Выбрать главу

Мейерхольд был практическим человеком театра, навсегда признавшим власть условности, но пиетета перед той или иной исторически сложившейся условностью у него не было. Монолог, например, казался ему устарелой формой, и еще в «Доходном месте» он пытался преодолеть его косность. В «Ревизоре» он решился дать гоголевским персонажам собеседников, чтобы избежать монологов. Из зрительного зала все эти «немые» фигуры, отысканные где-то в закоулках сочинений Гоголя или даже между строк текста, смотрелись двойниками, отражениями, карикатурами героев. Чтобы освободить громаду гоголевского текста от отягчающего груза переходов по сценической площадке, Мейерхольд воспользовался вновь народившейся условностью «крупного плана» кино. В развитие идей «Бубуса» он еще более ограничил игровую площадку: изобрел движущиеся фурки, на малом пространстве которых разместил все эпизоды «Ревизора». Из зрительного зала эта своеобразная техника выездных площадок на фоне глухого полукружия полированных дверей красного дерева и нависающего над ними грязно-зеленого суконного свода приобретала символические очертания: «Обстание, фон, сценка — весь Гоголь, соединяющий вкатную сценку быта, освещенную мороком фона на ночи России», — как напишет потом Андрей Белый[64]

Можно разглядеть частные, почти житейские мотивы и в решении главных фигур спектакля. Хлестаков только что был сыгран незабываемо Михаилом Чеховым, и тягаться с ним вряд ли кто мог во всей России, а в ТИМе его должен был играть совсем молодой Эраст Гарин, только что отличившийся в «Мандате». Надо было помочь актеру режиссерски. Мейерхольд обратился в поисках мотивов к «Игрокам» — весь Гоголь постепенно втягивался в орбиту спектакля — и сделал его чем-то вроде шулера, обдумывающего возможную аферу. Хлестаков дробился и распадался на ракурсы, как на кубистическом портрете.

Наконец, стремление выдвинуть Райх в центр спектакля способствовало преображению провинции в столицу, решению «найти скотинство в изящном облике брюлловской натуры»[65]. Понадобилось вспомнить и «Мертвые души» с пышным цветником губернских дам, увивающихся вокруг Чичикова, и тайный ужас Гоголя перед суетным женским соблазном. Захолустье приобретало петербургский, столичный пошиб, разрастаясь до николаевской России, да, пожалуй, и побольше: до общечеловеческих страстей.

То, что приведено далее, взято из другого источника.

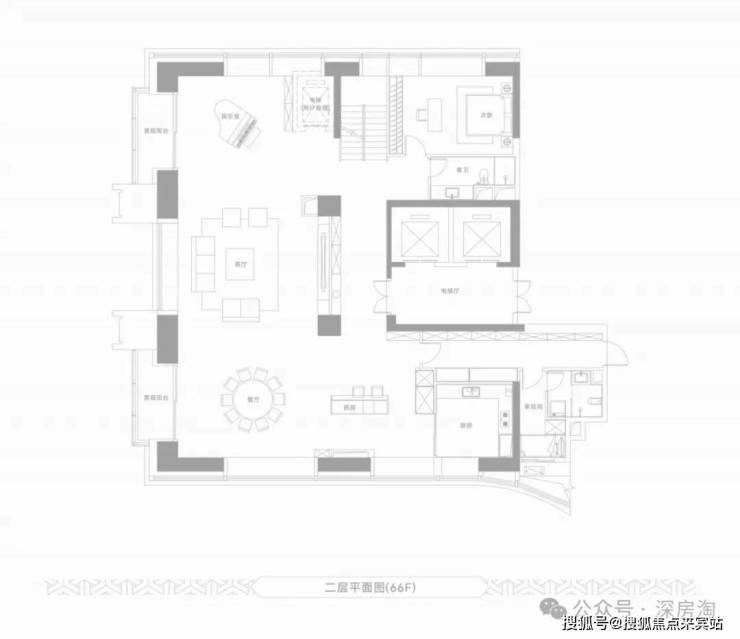 【约280㎡4+1房4卫】双梯入户,独立电梯厅,阔绰横厅直连阳台,三面舒适采光,主次卧双套房,270°环幕视野,还有独立家政套间,西南朝向看城市景观,高层可看深圳湾海景;

Разумеется, все это были лишь частные поводы для могучей фантазии Мейерхольда, для выражения подспудной трагедийности его мироощущения.

Из решения суммы технологических задач восставала громада — видение мейерхольдовского «Ревизора» — смешной и мучительный трагифарс российской судьбы.

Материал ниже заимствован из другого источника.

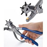 • Convenient, practical, and effective! Just unlock the handle, rotate the wheel to select hole size, align leather subject and squeeze handles.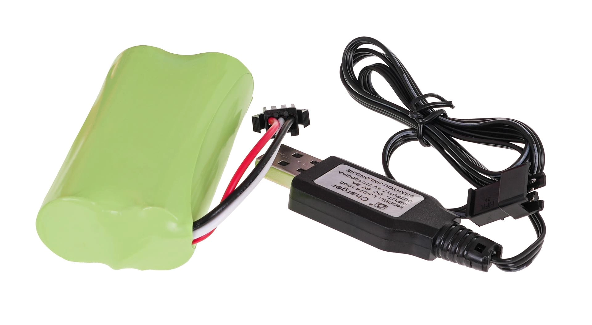 Incluye batería de 7,4 V y cable USB para cargar cómodamente desde una powerbank, PC o adaptador de pared.

Театр — искусство грубое, в закулисных соображениях его гораздо больше простой технологии, чем может показаться; немало и пошло-житейского отлагается в нем. Но не так ли груба и сама жизнь, где часто поводы случайные и незначащие запускают механизм событий исторических? Так и театр — из утилитарных нужд, из домашних обстоятельств, а на самом деле из жизненного опыта своих творцов, из потребностей времени, из опыта исторического силой {87} таланта он творит свои чудеса. «Боже, как грустна наша Россия!» — Мейерхольд пестовал это пушкинское восклицание, вырвавшееся после чтения «Мертвых душ» Гоголем. Со времен «Маскарада», завершившего собою судьбу императорской России, он не создавал ничего столь объемлющего, обдуманного и личного, как «Ревизор».

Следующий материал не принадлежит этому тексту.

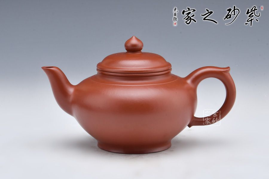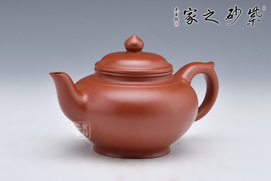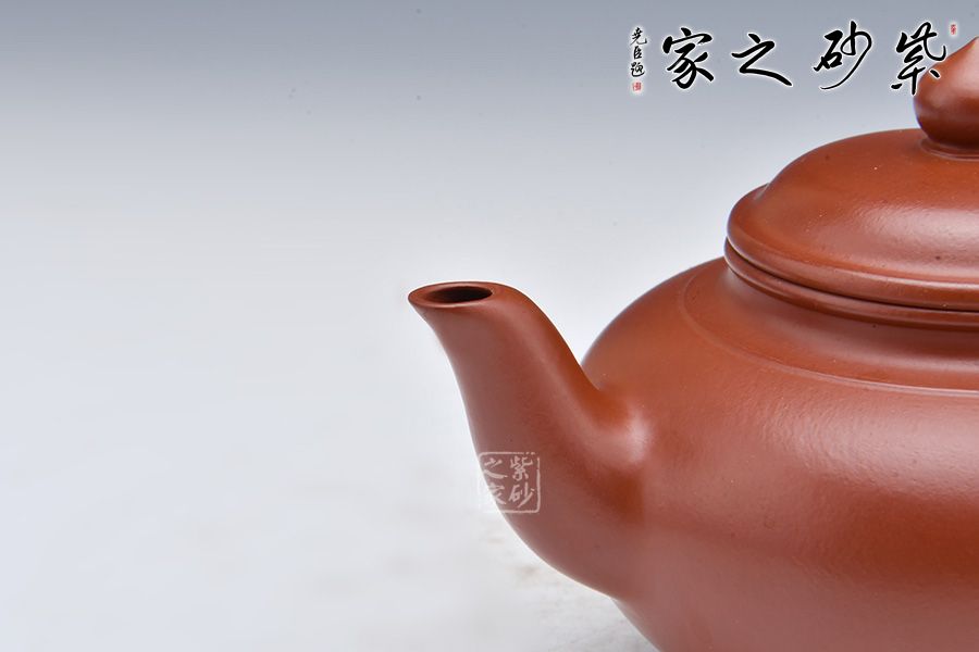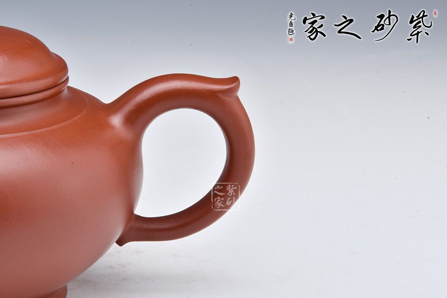 笑櫻壺是紫砂經(jīng)典壺型之一,經(jīng)久不衰。此壺精選大紅袍為胎,泥色亮麗,器型端莊。整器造型簡潔、曲線圓韻、過渡自然、轉(zhuǎn)折流暢。壺身呈扁圓狀,由上而下漸收斂至圈足;三彎壺嘴順勢而出;豐肩束頸,上下口沿圓潤飽滿、嚴(yán)絲合縫,壺蓋弧面與壺身弧面銜接自然、一氣呵成;耳把勻勢而起,飾一截如意,極為優(yōu)雅。整壺賞用皆宜,值得收藏。

Поистине он мог называться «автором спектакля», как будет написано в программе: «проект вещественного оформления, mise en scиne, биографии персонажей, построение новых фигур, речь, акцентировки, ритм, размещение музыкального материала, свет, немая сцена» — все было извлечено им из громадной фантазии и опыта, который не мог уже создать зрелища столь безмятежного, как «Великодушный рогоносец» 1922 года.

Никогда еще на памяти Бабановой не предпринимал Мастер такой широкой и всесторонней теоретической подготовки к спектаклю. О том, чтобы просто развести мизансцены, предоставив актеров тексту, как в «Доходном месте», речи не было. Отказ от «масок» театра в пользу «биографической структуры людей»; подлинность стиля, утрированная «сквозь призму столичной жизни»; «крупный план» выездных площадок, требующий от актера скупости и четкости игры; возвращение к реализму через стихию музыки — «музыкальный реализм», подчиняющий действие закону ритма; самоограничение актера в пользу общей партитуры спектакля — все это требовало от исполнителей дисциплины, умения, труда, таланта.